Mitochondrial Transcription Factor A (TFAM) Gene Variation and Risk of Late-Onset Alzheimer's Disease

Abstract

Impaired mitochondrial function and an increased number of mutations in mitochondrial DNA (mtDNA) has been found in brains of patients with late-onset Alzheimer's disease (LOAD). The TFAM-gene encodes the mitochondrial transcription factor A, a protein that controls the transcription, replication, damage sensing, and repair of mtDNA. TFAM is on human chromosome region 10q21.1, where a locus for LOAD has been mapped.

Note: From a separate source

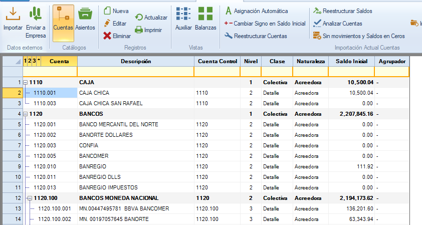 Al concluir el proceso se presentarán las cuentas ya con el caracter correcto.

Our objective was to determine the role of TFAM-gene variation in the risk of LOAD. The seven TFAM coding exons were analysed through single strand conformation analysis and direct sequencing in a cohort of Spanish LOAD-patients and healthy controls. We found four common polymorphisms, two in the flanquing intronic and two in the coding sequences. Polymorphism rs1937 (+35 G/C) was the only missense change (S12T). Genotyping of this polymorphism in 300 LOAD-patients and 183 healthy controls showed a significantly higher frequency of GG-homozygotes in the patients (92% vs. 86%; p=0.04; OR=1.91, 95%CI=1.02-3.50). This suggests that S12 is a risk factor for LOAD in our population. In conclusion, rare variants (mutations) in the TFAM gene were not found in LOAD-patients, but the S12T polymorphism was a moderate risk factor for LOAD in our population.